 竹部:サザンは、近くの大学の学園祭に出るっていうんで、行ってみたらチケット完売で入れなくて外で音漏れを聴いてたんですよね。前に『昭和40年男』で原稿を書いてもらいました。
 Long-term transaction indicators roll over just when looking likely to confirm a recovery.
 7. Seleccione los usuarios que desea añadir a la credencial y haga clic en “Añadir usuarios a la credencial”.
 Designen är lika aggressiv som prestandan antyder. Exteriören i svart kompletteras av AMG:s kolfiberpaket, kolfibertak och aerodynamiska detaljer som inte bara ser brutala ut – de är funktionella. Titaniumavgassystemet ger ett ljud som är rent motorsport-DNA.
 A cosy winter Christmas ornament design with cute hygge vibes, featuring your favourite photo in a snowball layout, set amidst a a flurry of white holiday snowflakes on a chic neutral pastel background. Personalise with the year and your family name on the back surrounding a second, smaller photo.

---

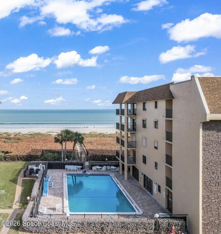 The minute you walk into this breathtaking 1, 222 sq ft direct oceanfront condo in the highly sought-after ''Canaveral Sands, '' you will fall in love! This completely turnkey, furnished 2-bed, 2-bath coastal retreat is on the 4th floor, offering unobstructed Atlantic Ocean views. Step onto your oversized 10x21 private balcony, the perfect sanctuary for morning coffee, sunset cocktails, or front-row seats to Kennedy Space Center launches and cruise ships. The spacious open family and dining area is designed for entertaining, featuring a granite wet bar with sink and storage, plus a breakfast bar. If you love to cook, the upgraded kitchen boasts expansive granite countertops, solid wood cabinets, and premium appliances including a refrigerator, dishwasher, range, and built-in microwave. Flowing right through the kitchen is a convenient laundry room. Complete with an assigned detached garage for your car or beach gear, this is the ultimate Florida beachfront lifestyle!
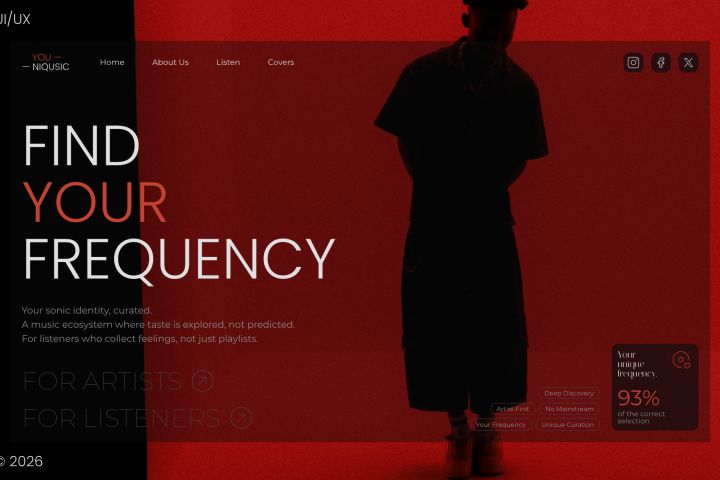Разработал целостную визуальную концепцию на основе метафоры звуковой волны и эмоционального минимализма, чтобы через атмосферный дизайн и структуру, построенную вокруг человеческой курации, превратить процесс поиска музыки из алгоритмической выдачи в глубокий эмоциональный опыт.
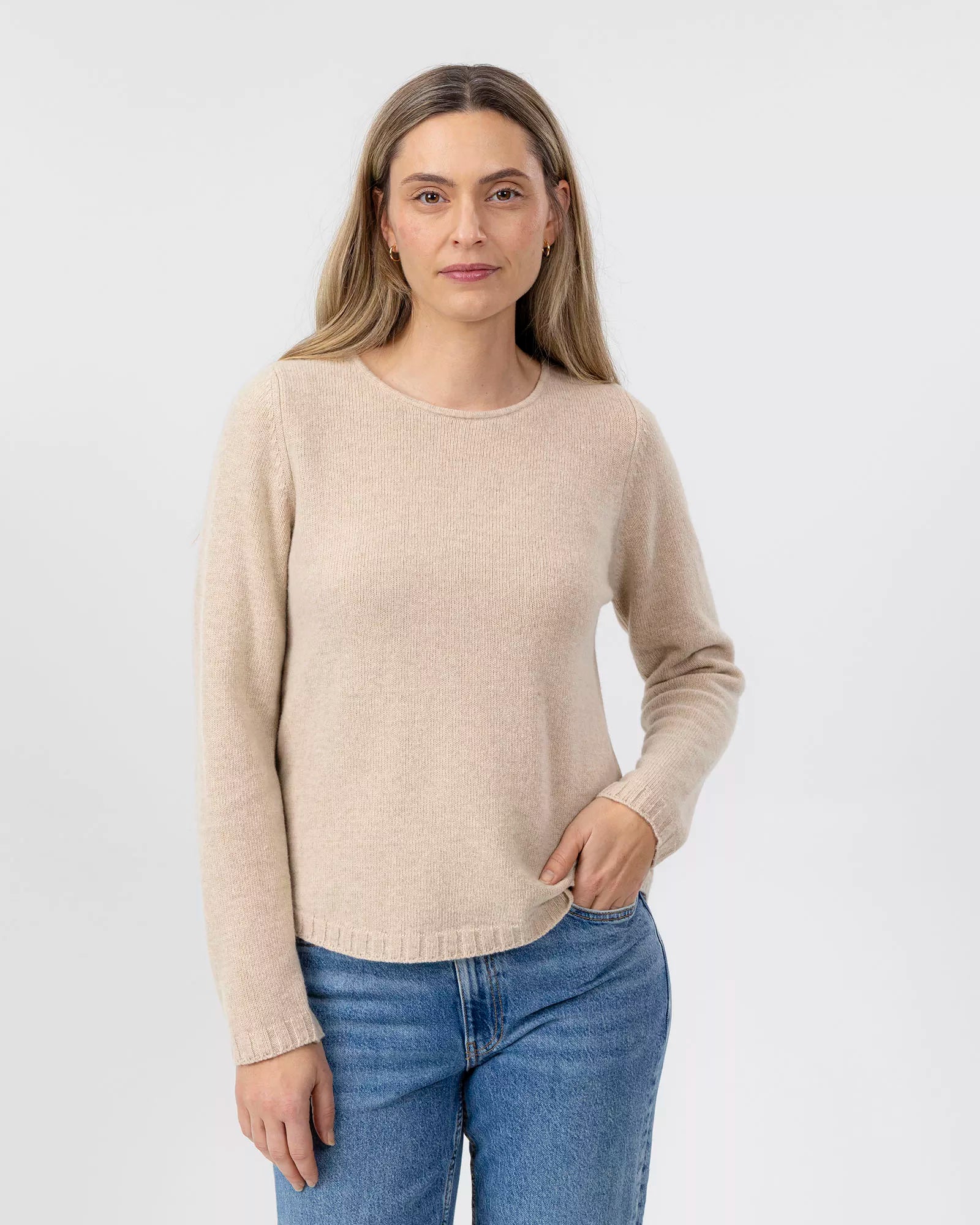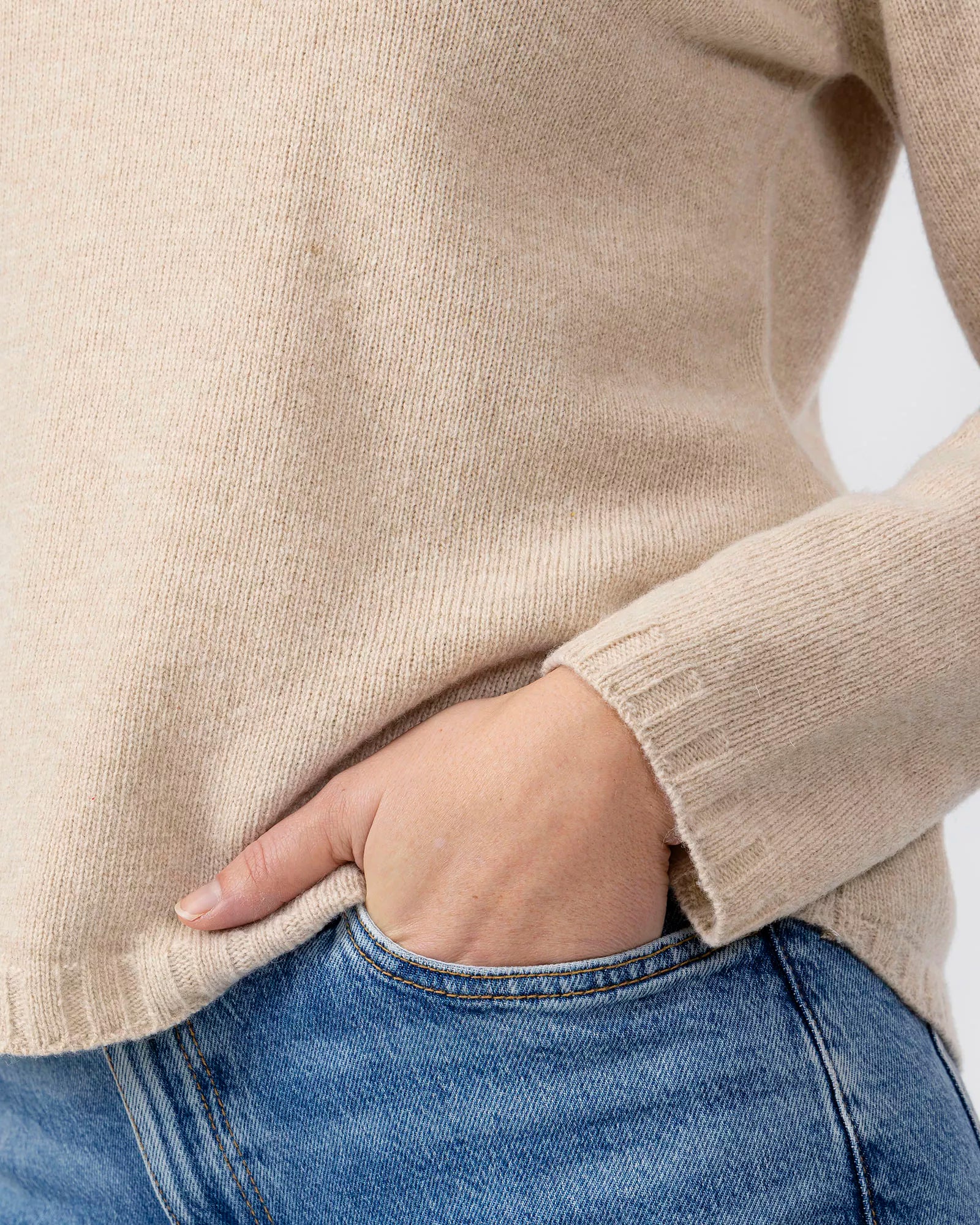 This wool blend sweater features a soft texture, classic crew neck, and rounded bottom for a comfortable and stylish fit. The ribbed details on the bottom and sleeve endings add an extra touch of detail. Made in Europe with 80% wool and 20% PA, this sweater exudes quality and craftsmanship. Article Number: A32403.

## Work instructions
Starting with the line above that holds "7. Seleccione los" and stopping with the line that holds "A cosy winter", reproduce each line exactly, omitting all other lines.

## Exercise result
 7. Seleccione los usuarios que desea añadir a la credencial y haga clic en “Añadir usuarios a la credencial”.
 Designen är lika aggressiv som prestandan antyder. Exteriören i svart kompletteras av AMG:s kolfiberpaket, kolfibertak och aerodynamiska detaljer som inte bara ser brutala ut – de är funktionella. Titaniumavgassystemet ger ett ljud som är rent motorsport-DNA.
 A cosy winter Christmas ornament design with cute hygge vibes, featuring your favourite photo in a snowball layout, set amidst a a flurry of white holiday snowflakes on a chic neutral pastel background. Personalise with the year and your family name on the back surrounding a second, smaller photo.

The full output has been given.